**Input data:**
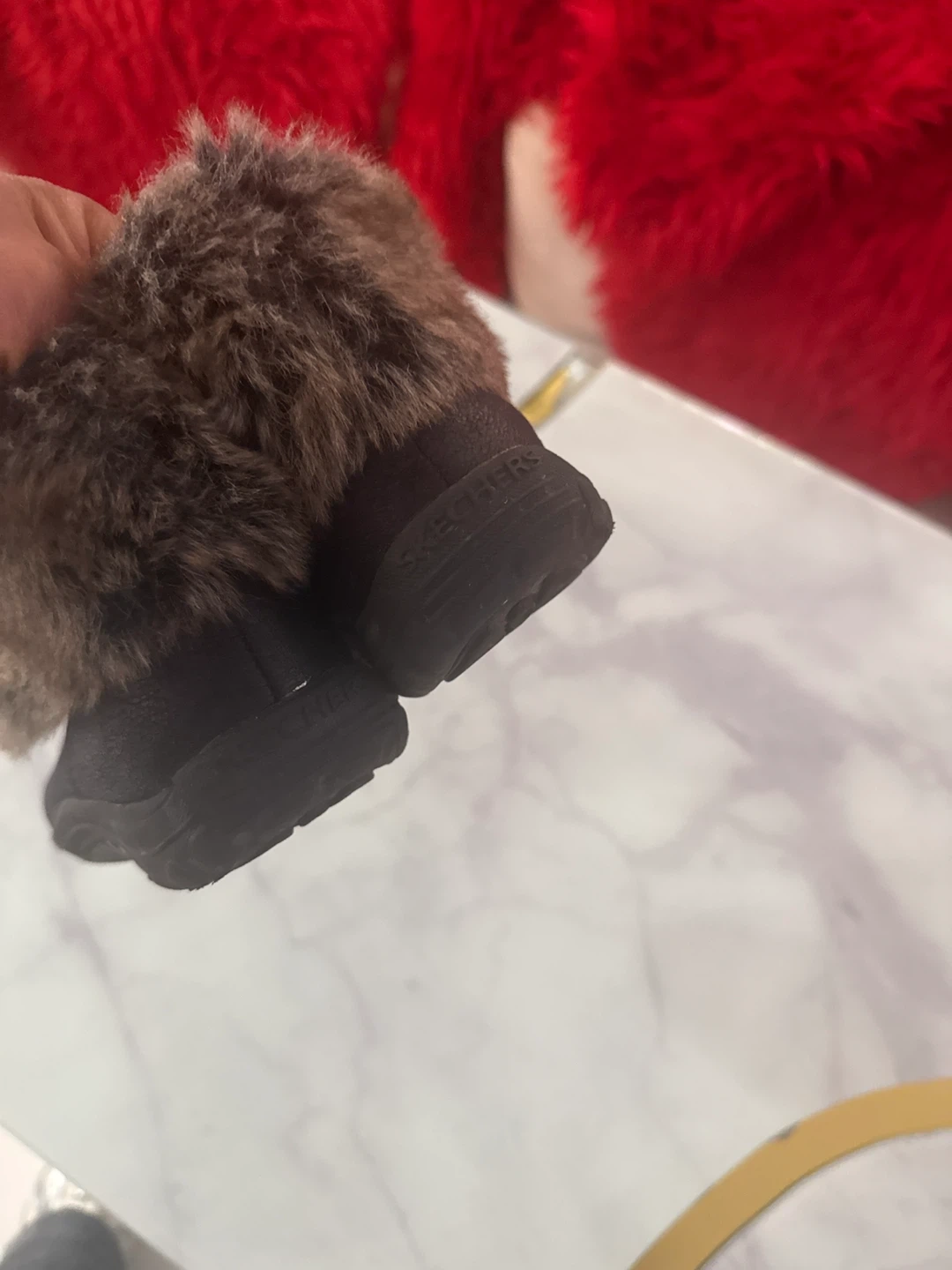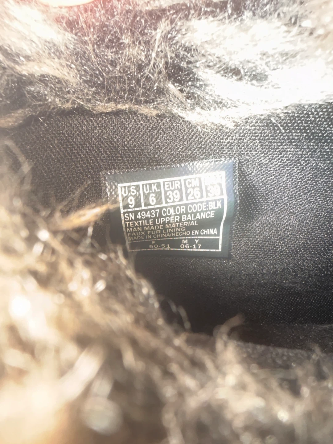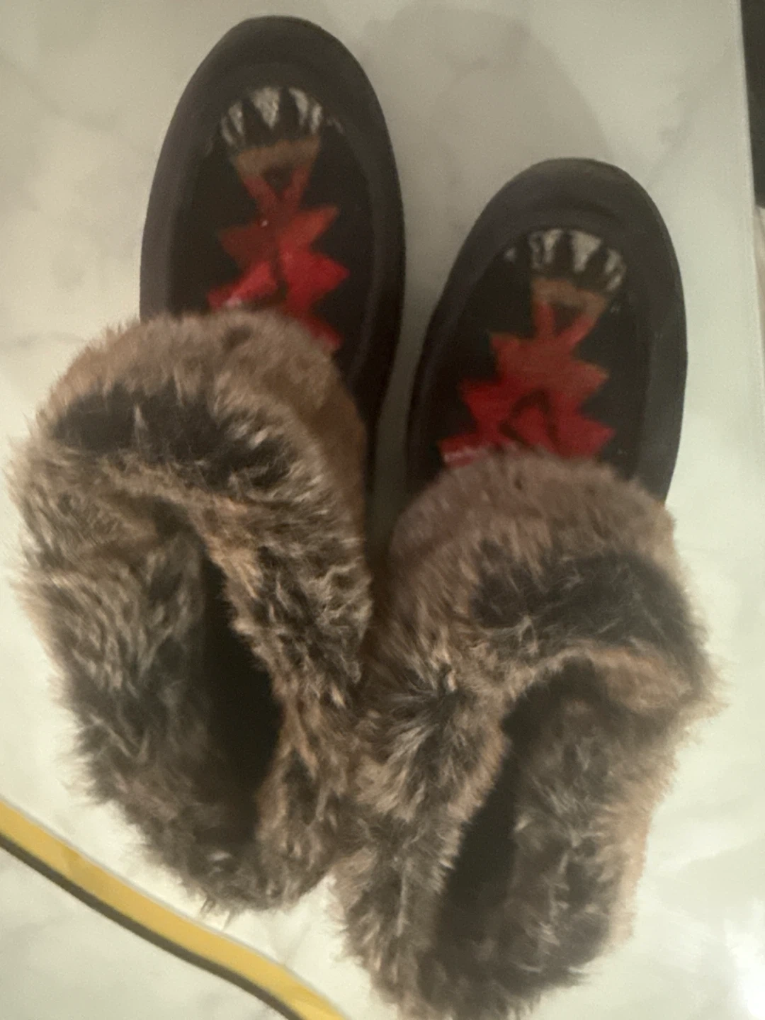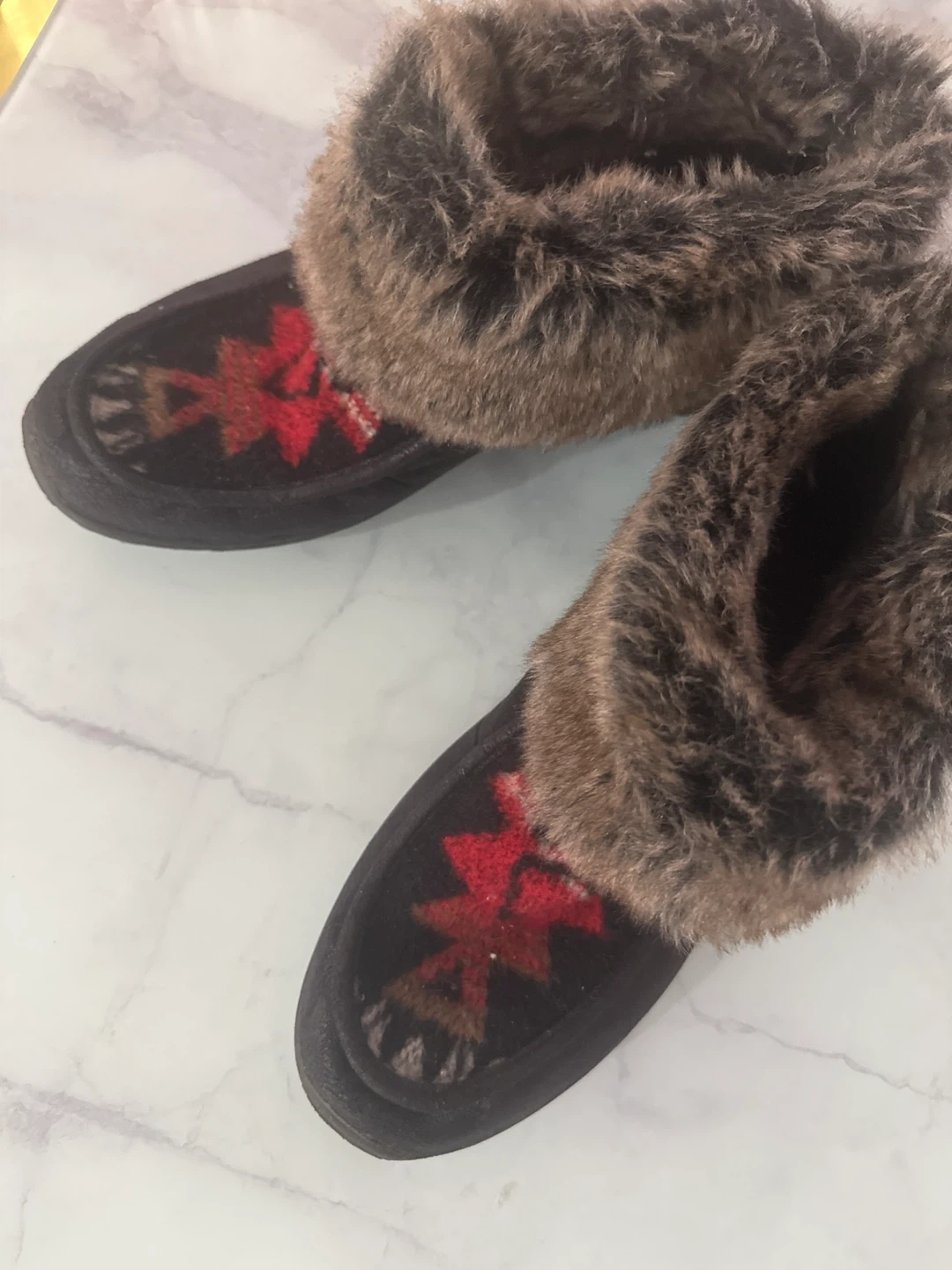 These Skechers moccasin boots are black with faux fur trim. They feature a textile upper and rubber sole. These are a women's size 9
---
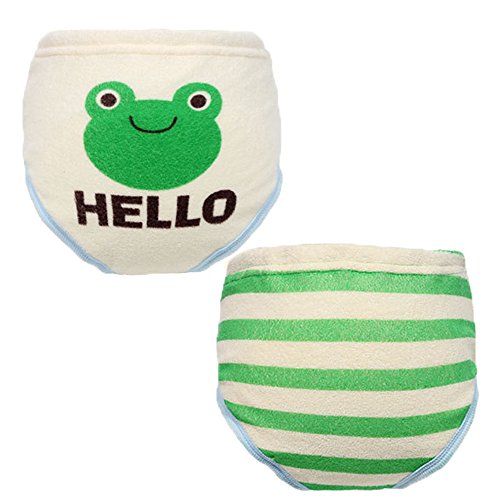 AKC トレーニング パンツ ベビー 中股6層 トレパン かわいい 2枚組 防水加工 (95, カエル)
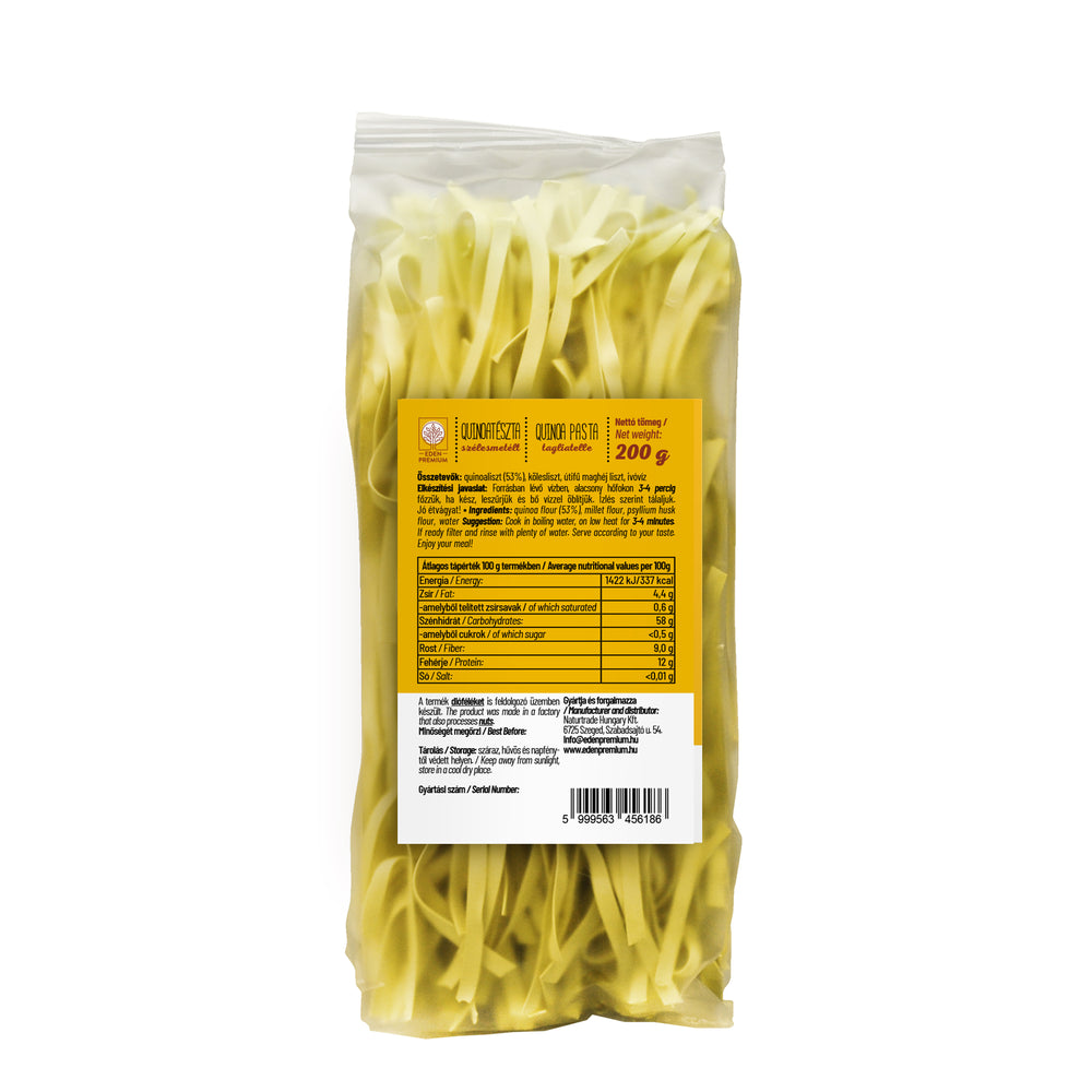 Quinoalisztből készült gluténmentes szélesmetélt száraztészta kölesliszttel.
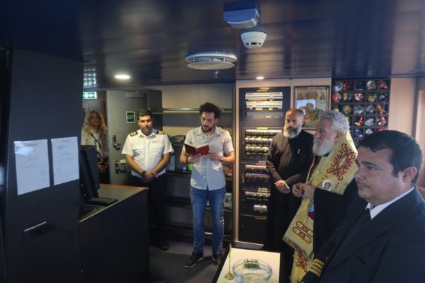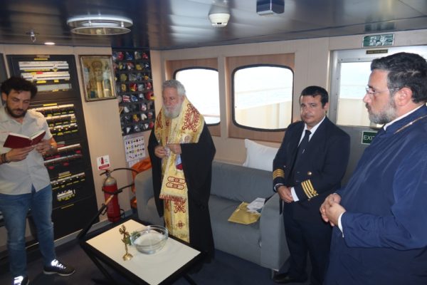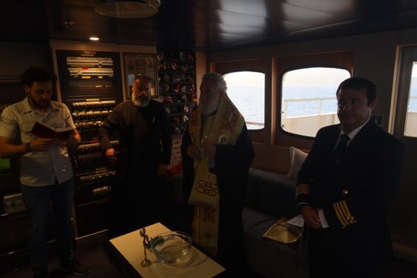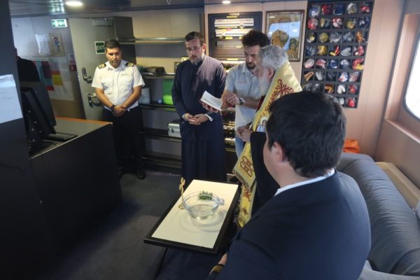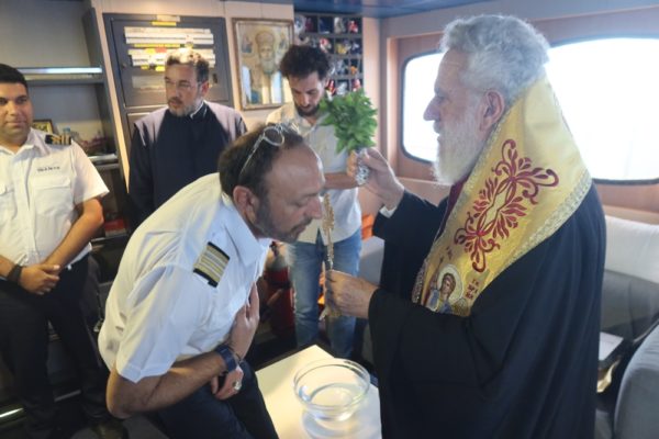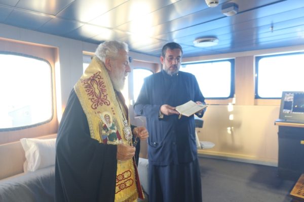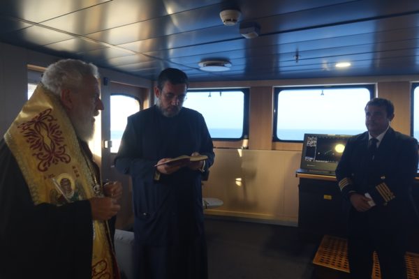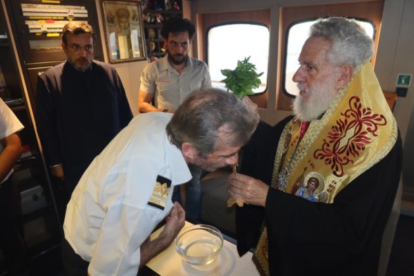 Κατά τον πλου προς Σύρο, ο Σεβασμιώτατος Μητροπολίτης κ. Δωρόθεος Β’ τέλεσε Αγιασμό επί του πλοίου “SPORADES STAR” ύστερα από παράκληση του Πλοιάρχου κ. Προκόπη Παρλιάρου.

**Task details:** Using the data above, give again exactly the lines starting at the one holding "Quinoalisztből készült gluténmentes" and ending at the one holding "Κατά τον πλου", inclusive, and nothing more. Omit the pictures.

**Answer box:**
 Quinoalisztből készült gluténmentes szélesmetélt száraztészta kölesliszttel.
 Κατά τον πλου προς Σύρο, ο Σεβασμιώτατος Μητροπολίτης κ. Δωρόθεος Β’ τέλεσε Αγιασμό επί του πλοίου “SPORADES STAR” ύστερα από παράκληση του Πλοιάρχου κ. Προκόπη Παρλιάρου.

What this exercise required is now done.